The decision follows months of poor sales and Delek's failure to find an investor to replace it in the venture. Seattle-based Starbucks Corp, the parent of Starbucks Coffee International, said its decision to dissolve the joint venture was driven by "market challenges," an allusion to Israel's severe recession and security problems.
"It was a very difficult decision," said Mark McKeon, president of Starbucks Coffee International for Europe, Middle East and Africa. "Following months of serious discussions and market reviews with the Delek Group, we came to this amicable and mutual decision. Our commitment in the market continues to be strong and long-term, and we will return at an appropriate time."
Delek and Starbucks, through their joint venture called Shalom Coffee Co. - held 80.5 percent by Delek - opened their first Israeli coffee shop in late 2001 with plans to reach 20 outlets nationwide by the end of 2002, but wound up opening only six coffee shops, all in the Tel Aviv area.

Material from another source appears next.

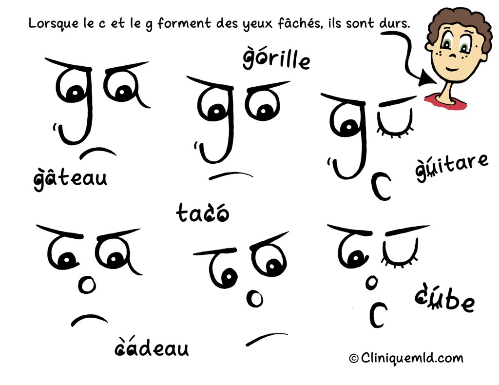 Ce soir, je vous partage un « vieux truc ». 😊 C’est en fait le premier vrai truc que j’ai inventé avec ma toute première élève au privé, en 2009. 😲 En tentant de trouver une logique dans la fameuse règle qui dit que le c et le g sont durs avec le a, le o et le u, 😤 mon élève s’est exclamée: ça fait des yeux! 💡🥳
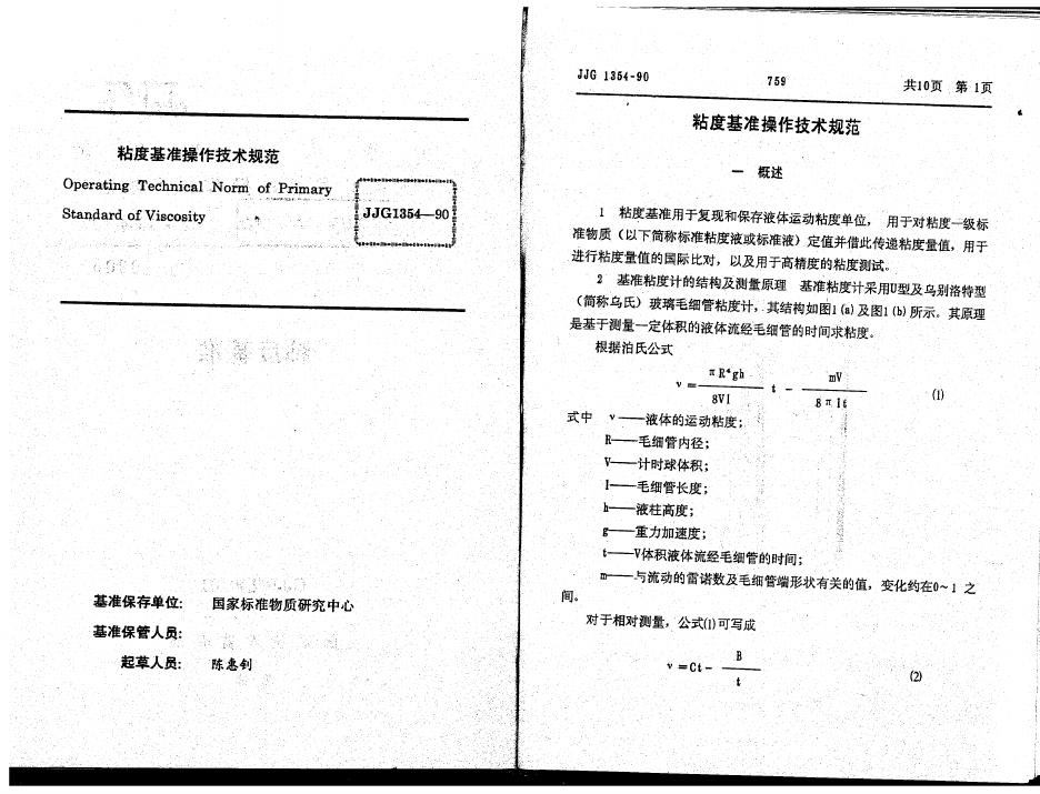JJF 1354-1990 粘度基准操作技术规范

Starbucks was hit by the recession and the security situation, but industry analysts have also pointed out its decision to focus on the Tel Aviv region where it faced competition from established Israeli coffee chains such as Aroma, Arcaffe and Ilan's as well as independent coffee shops.
Analysts also blamed the company's lack of marketing. They said Starbucks had been sure its brand name would be enough to attract customers without the need for extensive marketing. "One can't launch a new brand in a competitive market without a comprehensive penetration package," said a senior advertising executive.